Linux commands every admin should know (Part II)

posted by MariyaV @ 14:45 PM
September 9, 2013


Command w displays list of the currently logged in users and some additional information. If you want to check who else is connected to your server and what they are doing, w is the command you need.

The first row shows the system time, the uptime, number of the active users and the load average.

USER column displays the list of the usernames.

TTY stands for terminal type (teletype). The terminals can be physical (:0), that is, hardware keyboard and monitor attached to the server; and virtual (pts/0) (pts means pseudo terminal slave). There is usually only one set of actual keyboard and monitor and therefore those who connect to the server remotely (via SSH or Telnet) use the pseudo terminals. Thus the information in the TTY box allows to find out who of the users sits in front of the server and may have physical access to it and who uses remote connection.

FROM – an IP address the user is logged in from.

LOGIN@ shows the time at which the user logged in.

IDLE displays the time since the user last typed anything.

JCPU (jobs CPU) is the CPU time used by all the processes (except the past background jobs) which are attached to the terminal (TTY).

PCPU (process CPU) is the CPU time used by the currently active process listed in the WHAT column.

WHAT displays the list of names and parameters of the current processes.

It is worth mentioning, in addition, that there are other utilities which output the user information, such as who, users and finger.

If you are not sure what your username is, run whoami.


This command displays information about files, directories and other objects of the file system. Here is the output of stat testfile:

The first row (File:) shows the filename.

The second row shows the file size (in bytes) (Size:); number of physical disk blocks allocated on the disk (1 block counts for 512 bytes) (Blocks:); size of IO block (a unit of physical disk allocation) (IO Block:); and the file system object type (e.g. regular file, directory, socket, etc.).

The following row displays name of the hard disk the file system object is located at (Device:); inode (file system object) number (Inode:); and number of hard links to the inode (Links:). A file, a directory, etc. can have many different names located in different directories, and each of those names is either a hard link or a soft (symbolic) link. When we run ls command or look at the list of files in some graphical desktop environment, it is links (not files themselves) that make the list. Every link is associated with (or pointed to) the inode and the file itself can be read, changed or executed through the links.

The next row shows the information about access permissions set for the file system object.

Access: displays the permissions in octal and symbolic formats. R stands for “read”, W stands for “write” and X stands for “execute”. The permissions are enumerated (in order from the left to the right) for the owner, the group of owner and all others. RWX (or 7 in octal notation) grant all permissions. Later we will discuss how to change the access permissions values and other file attributes. The leftmost number defines whether the file can be executed by everyone with the permissions of the owner (value 4), the owner group (value 2) or both (value 6). Also a “sticky bit” can be set (value 1) but nowadays its usage is narrowly confined to making sure that no one but the superuser, the owner of the file and the directory it is located at, has the right to remove the file.

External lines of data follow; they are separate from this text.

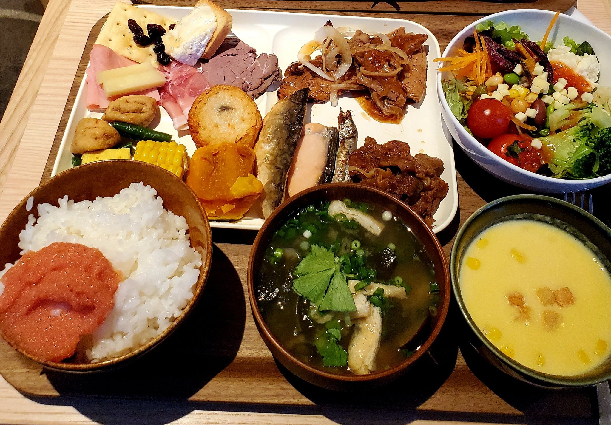 右下はコーンスープか?味噌汁もあるしよくわからん
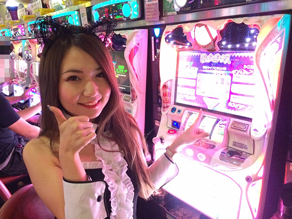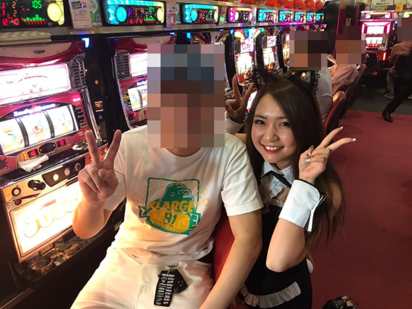 機種の魅力はしっかりと堪能できているようで、ニコニコと楽しそうに打っています。
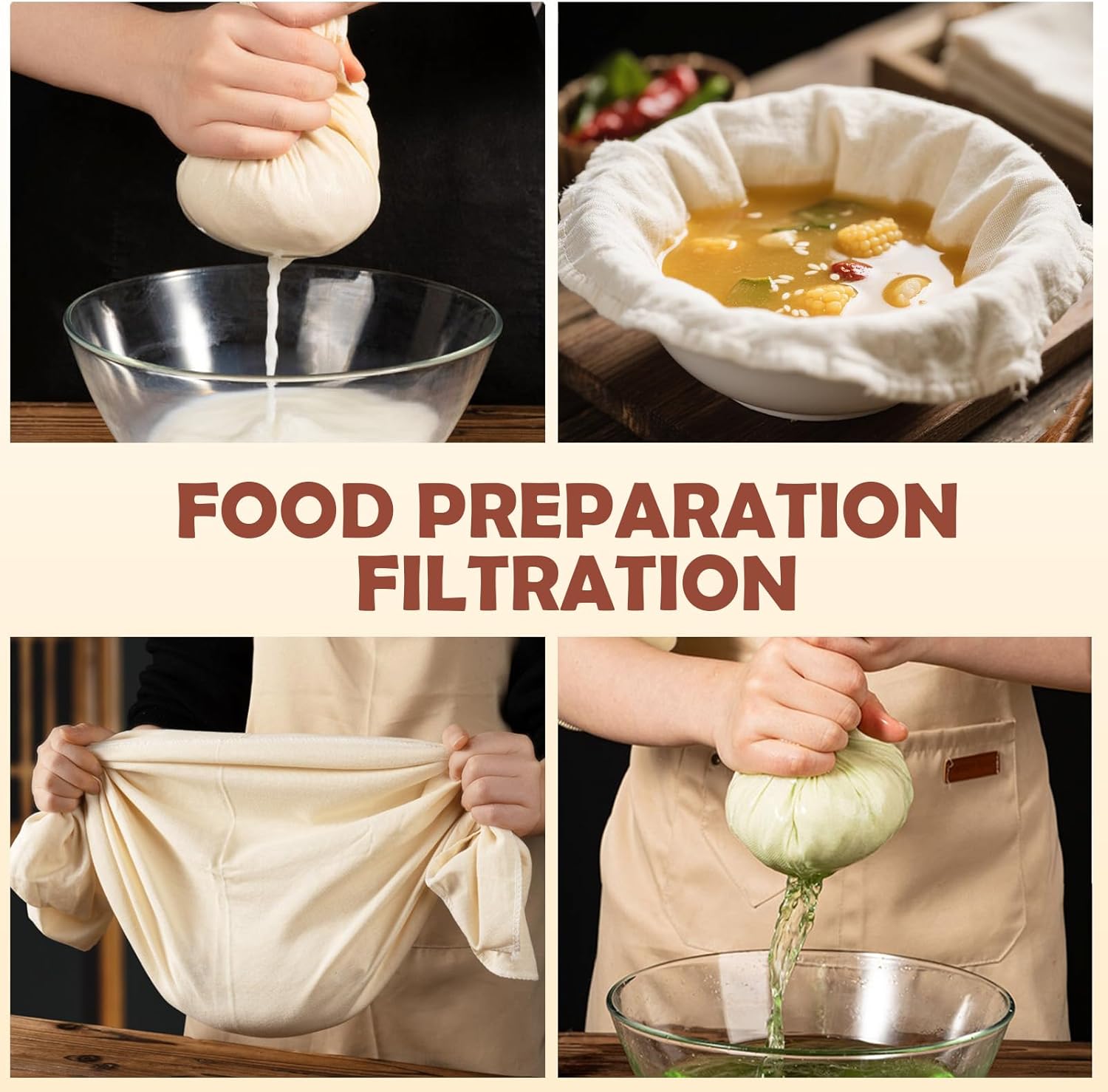 - 【Reusable & Durable】Made from tightly woven cotton, our cheese cloths can withstand the rigors of frequent use, whether using them to strain yogurt, make cheese, or filter broths. No more worrying about rips or tears after a few uses. But the durability doesn't stop there. These straining cloth are highly reusable. After each use, simply wash them in the sink with mild soap and warm water, or toss them in the washing machine for a more thorough clean. They'll come out looking and feeling as good as new, ready for your next culinary adventure.
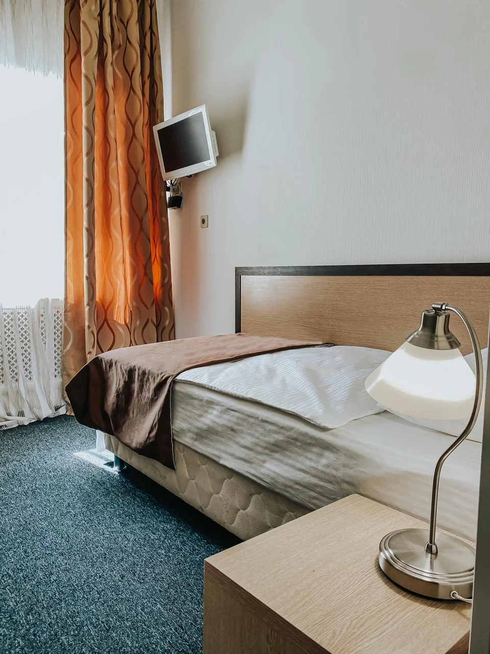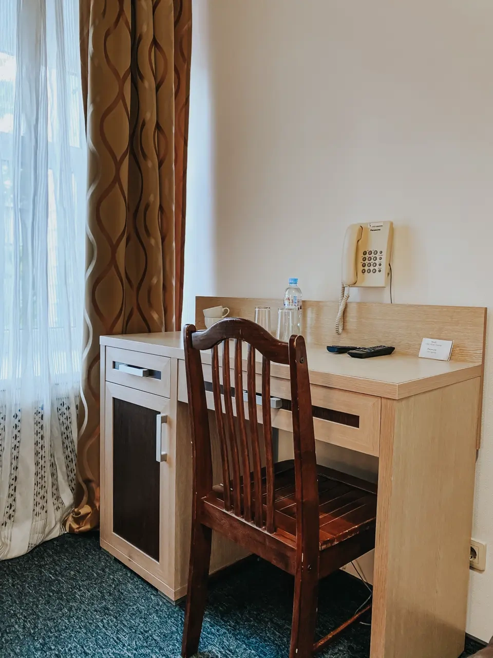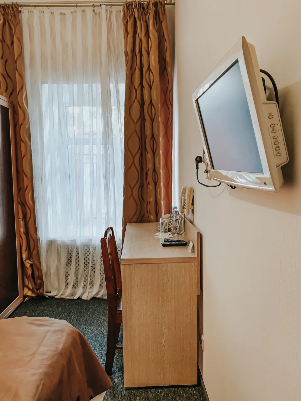 Номер категории "Комфорт" это эргономичный номер, который идеально подходит для комфортного отдыха во время туристической или деловой поездки в столицу. В номере "Комфорт" вы найдете все необходимое для приятного отдыха. Площадь номера составляет 15 м. Он оборудован удобной кроватью с мягким матрасом и свежим постельным бельем, где вы сможете отдохнуть после насыщенного дня. В номере - рабочая зона с удобным письменным столом и стулом. Для вашего удобства в номере "Комфорт" есть телевизор с широким выбором каналов, чтобы вы могли насладиться своими любимыми программами или фильмами. Также есть высокоскоростной Wi-Fi, мини холодильник, чайная станция, индивидуальный сейф для ценных вещей и документов. В собственной ванной комнате с душем или ванной вы найдете все необходимые туалетно-косметические принадлежности, включая полотенца, шампунь, гель для душа, мыло и фен. Номера категории "Комфорт" предлагают пространство, где вы сможете отдохнуть и расслабиться после долгого дня.
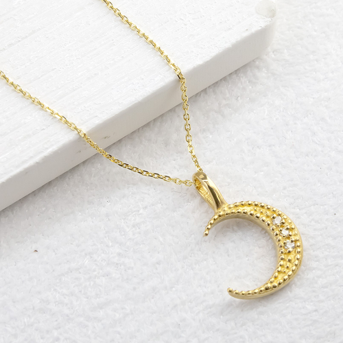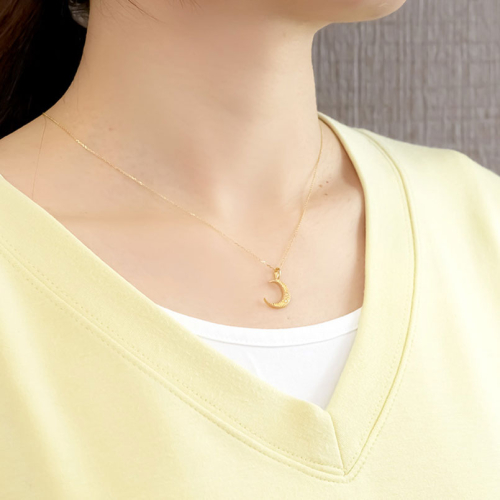 純金 ネックレス イエローダイヤモンド 三日月 ムーン 月 24k 24金 管
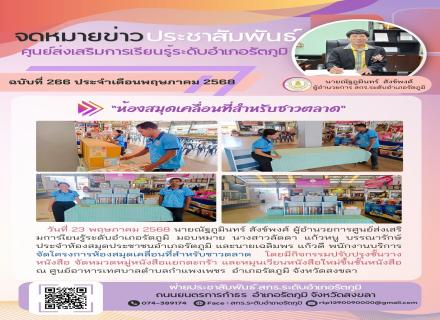 วันที่ 23 พฤษภาคม 2568 นายณัฐภูมินทร์ สังข์พงศ์ ผู้อำนวยการศูนย์ส่งเสริมการเียนรู้ระดับอำเภอรัตภูมิ มอบหมาย นางสาวลัดดา แก้วหนู บรรณารักษ์ ประจำห้องสมุดประชาชนอำเภอรัตภูมิ และนายเฉลิมพร แก้วดี พนักงานบริการ จัดโครงการห้องสมุดเคลื่อนที่สำหรับชาวตลาด โดยมีก |
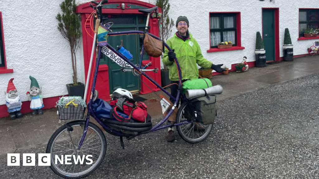 The man touring Ireland on a tall bike
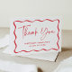 Expresse sua gratidão com este moderno cartões de agradecimentos de graduação de quadros vermelhos. Apresentando "Obrigado" em elegante escrita vermelha, este design é enquadrado por uma ousada borda ondulada vermelha contra um fundo branco para um aspecto na moda e contemporâneo. Personalize a frente com seu nome e ano de graduação para um toque único e significativo. Dentro, mostre sua foto horizontal do mais velho no topo, com sua mensagem personalizada exibida em negrito vermelho abaixo. Perfeito para formandos segundos graus e universitários, este cartões de agradecimentos personalizado adiciona um toque vibrante e sofisticado à sua apreciação.
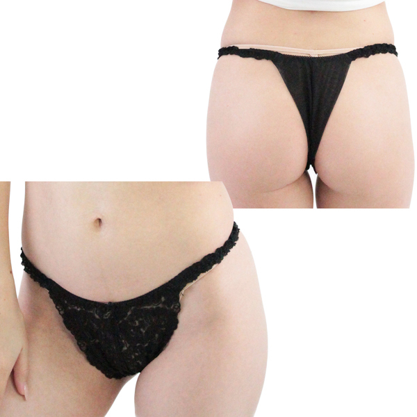 フロント部分をレースで華やかに飾った日本製のセクシーTバック(黒)。
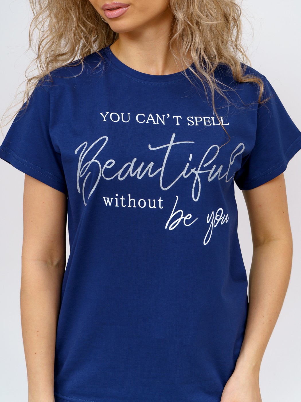 Красивая женская футболка с печатным стильным принтом на полочке. Незаменимая вещь в гардеробе, которая сочетается и с джинсами, и с шортами, и с юбкой.
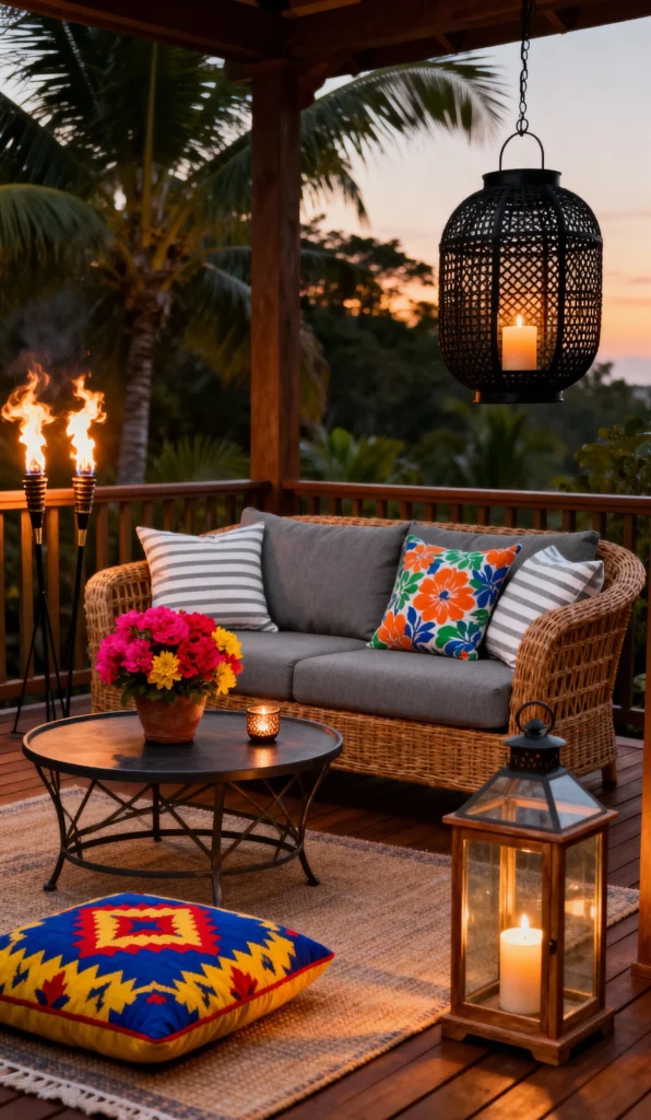 What a view! This looks like a perfect tropical balcony setup. The warm wooden deck and the wicker furniture blend beautifully with the natural backdrop. I adore the mix of bright, colorful pillows (especially that fun floral one!) against the neutral gray cushions. The lighting here is perfectly balanced, with the dramatic black hanging lantern and the exciting flame torches adding real personality and a hint of drama as the sun goes down. A sweet, cozy, and vibrant space!
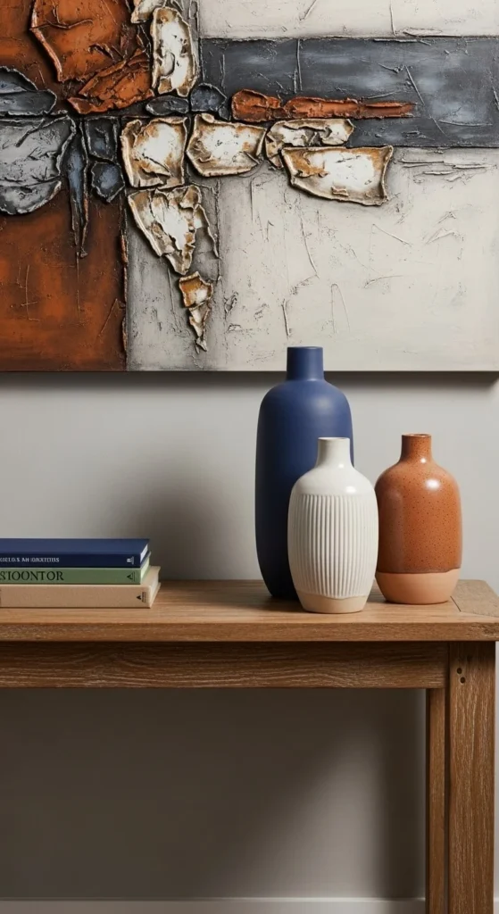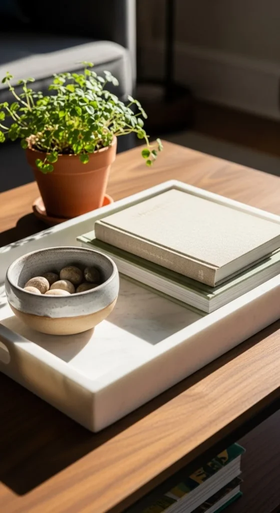 For example, a coffee table styled with a marble tray, ceramic bowl, and wooden accents creates subtle contrast.
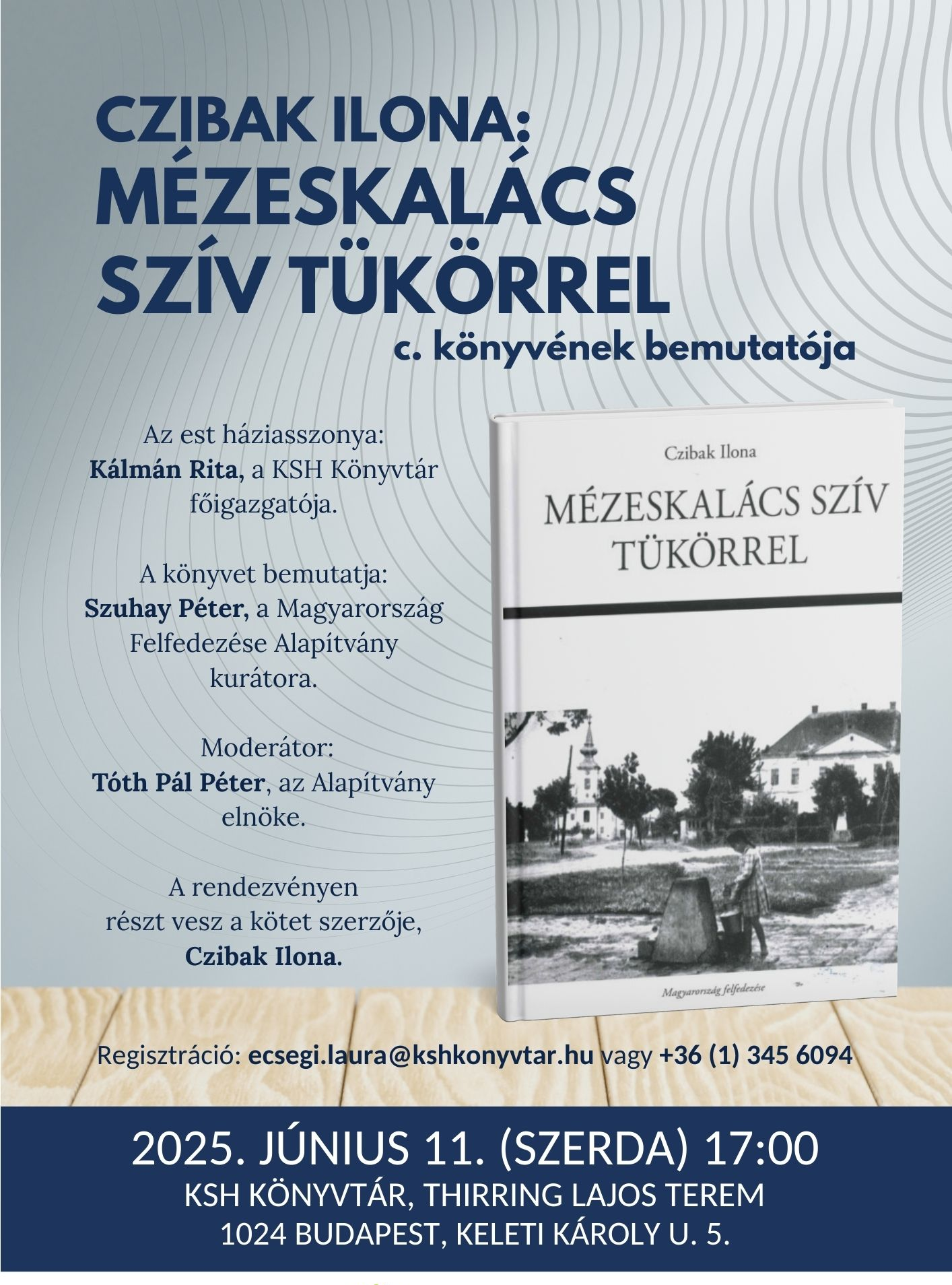 Szeretettel várunk mindenkit Czibak Ilona: Mézeskalács szív tükörrel c. könyvének bemutatójára, amely június 11-én 17 órakor kerül megrendezésre.
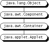 Every applet is implemented by creating a subclass of the Applet class. The following figure shows the inheritance hierarchy of the Applet class. This hierarchy determines much of what an applet can do and how, as you'll see on the next few pages.
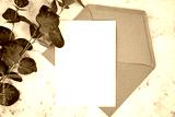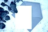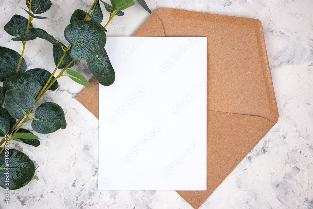 Blank white card, envelope and eucalyptus branch on white marble background. Blank invitation. Flat lay.
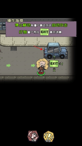 4、当你通过滑动屏幕来移动角色,会遇到僵尸,只要靠近僵尸就会自动攻击,将所有的僵尸都打败后找到“EXIT”离开当前场景。

UID: and GID: show the user ID and the group ID of the file system object owner and the group of owners respectively.

The next 3 rows show information about the last access time (Access:), the last content modification time (Modify:) and the last metadata modification time (e.g. access permissions) (Change:).


df (disk free) displays information about the disk space usage. We recommend using –h flag so that the output is in human-readable format and the size values are shown in KB, MB or GB instead of just KB. df –h shows the file system name (Filesystem), the total size of the disk space (Size), the used (Used) and available (Avail) disk space, the percentage of the disk space usage (Use%) and, finally, the mount point (Mounted on). Mount point can be defined as a directory in a root file system where additional file system is attached to (or mounted on). In the example on the screenshot, the file system /dev/xvda1 is mounted on /. There can be other file systems which can be mounted on other points, for example on /usr. In this case, if the file is moved to /usr, it will be relocated to the other file system the name of which can be found in the Filesystem column of df command.

df –i returns information about the inodes, namely: the total number of inodes (Inodes), the number of used and free inodes (IUsed and IFree respectively) and inode usage percentage (IUse%).



du displays information about the size of files and folders. Again, it is recommended to use flag -h.

du -h /root returns the list of all the directories in /root folder (recursively).

du -h /root/* returns the list of al the files in /root folder.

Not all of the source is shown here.